Thanks Jack! I appreciate your comments, especially since we are building twins.
I've never been able to find any kind of 2-56 screws longer than 1/2" where I live. It's a small town, (3500), and some little bits are not to be had, (but if you want something for a John Deere, you're in luck!). I make most any fastener I need that is smaller than 4-40, out of necessity. I kind of like making my own cap screw nuts in the smaller sizes, simply because most store bought items look oversized across the flats.
Got a little done today. I'm not a fast builder. Been occupied with the new/old lathe, and plowing this
morning's eight inches of snow off my 1/2 mile long driveway. Excuses, excuses.
This will be the big end of the connecting rod. Remember that piece of 3/4" square that was made
from a piece of round stock earlier? This is some more of it, here. It will be .625" square when I
get done with it. Hack-sawed a little piece of it off and in the picture it's being cleaned up with the fly
cutter.
Once the piece is brought to its proper thickness, it's put on end to take one side down to finished
size. It needs to be square, and in this shot I'm checking it with a small machinists square and a
flashlight. The flashlight helps you see the edge of the piece against the square, and by the light
that comes through, you can see if it's square or not.
I need to drill the cross holes in the piece next. Above, a cigarette paper is being used to find the edge
of the work piece. I've known a number of ol' machinists that use this method, even though an edge
finder might be handy, and I use it often myself.
For those who may not be familiar with it, you put your piece of paper against the work piece and run
your tool up near it, then crank the slide over slowly while pulling the paper back until you feel the tool
start to barely pinch the paper. You do this with the machine turned off, by the way. When the paper
starts to get stuck between the tool and work piece, you're there, within the thickness of the paper.
These particular papers, (Top brand) dial at .001" thick. If you buy a different type for rolling up your la
bambas, they might be thicker..
Some machinists do this trick with the machine running, and when the tool snatches the paper from
between their fingers, they know it's good.
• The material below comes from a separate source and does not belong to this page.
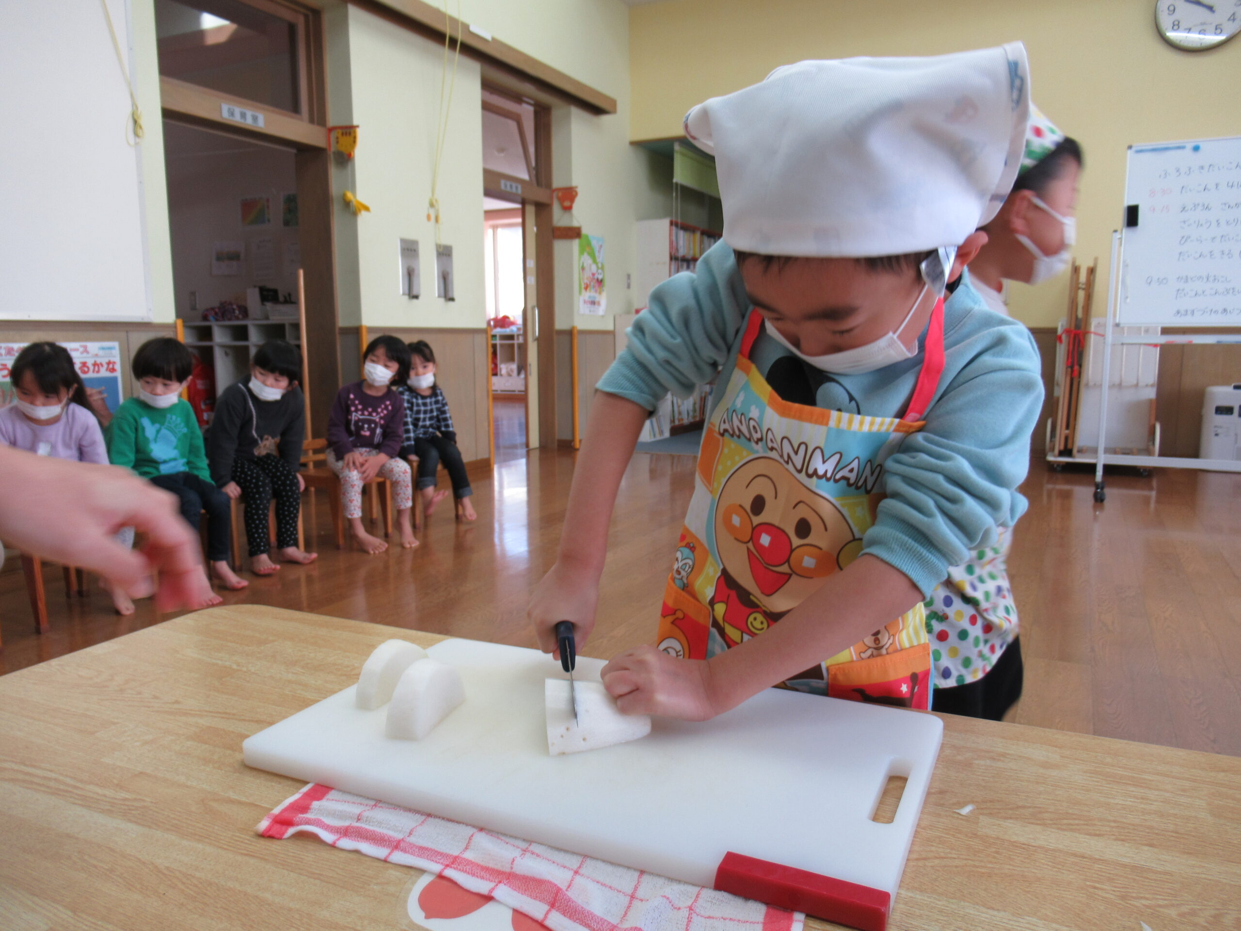 大根の皮むきをして、半月切に。保育園みんなにふるまいたい!と太くて立派な大根を切るのにも力が入ります。

For my part, I'm pretty attached to my fingers, and would
rather do it with the machine turned off.
The holes are drilled through for a 2-56 tap.
The blue line is an index mark so I keep the pieces matched up after it is cut in half.
Then the piece is cut in half with a hack saw. I would have used a slitting saw, but I seem to have
misplaced the arbor that fits my milling machine. At this point, the piece is to the proper width, but
was left long to allow for the saw cut.
After the two pieces are cleaned up from the hack saw job, and brought to the correct width on the mill
at the same time, the holes in one piece are tapped 2-56. Tapping small holes in brass is almost fun.
There's so little chance for trauma or drama, like when using small taps in hard metal.
The bottom half is on the right, and it has the tapped holes. The top part, on the left, has had its two
holes drilled out to #43 clearance holes for the two little cap screws.
After putting the two pieces back together using the cap screws, the piece was center drilled at the
location of centerline for the bore for the crank pin. At that point, I realized I didn't have a 5/16 reamer
to finish the job in the mill, so while it was still in the mill vise I drilled a small hole clear through. Then to
the lathe I go.
The piece was mounted using a piece of tool steel between it and the face of the chuck to keep it
square, then the tool steel was removed. Note the pieces of paper wrapped around the brass piece. I
don't want marks in these soft brass bits. I centered it by eye close as I could, then dialed it in with the
old Gem held in the tool post. I like this type of DTI, and prefer them to my other DTI's. They're pretty
darn reliable, the point is easy to reposition, and though they only operate in one direction at a time,
you can switch directions with a flick of the lever on the (other) side of the body.
Then the piece is bored for .312" plus a smidge, for a close running fit on the crank pin.
A "smidge", by the way, is different for different sizes of running fits. Machinery Handbook has a section
on them, I believe.
The last step I'll show is cutting the relief on the sides. Simple turning job. I used a 5/16 piece of drill
bit as an arbor, with a couple of snips of paper squeezed between the work piece and the arbor to
make it tight. If the pieces of paper aren't used, the piece will simply spin on the arbor, since it is the
same size as the crank pin, and is a running fit in the work piece. An oil cup has to be made for this, but
I won't show it here since I already showed the same things being made for the main bearings earlier in
this thread.
That's it for today. I know it's a lot of pictures for such a little thing, but I figured a few folks might
want to see it.
'Til the next part, thanks for having a look.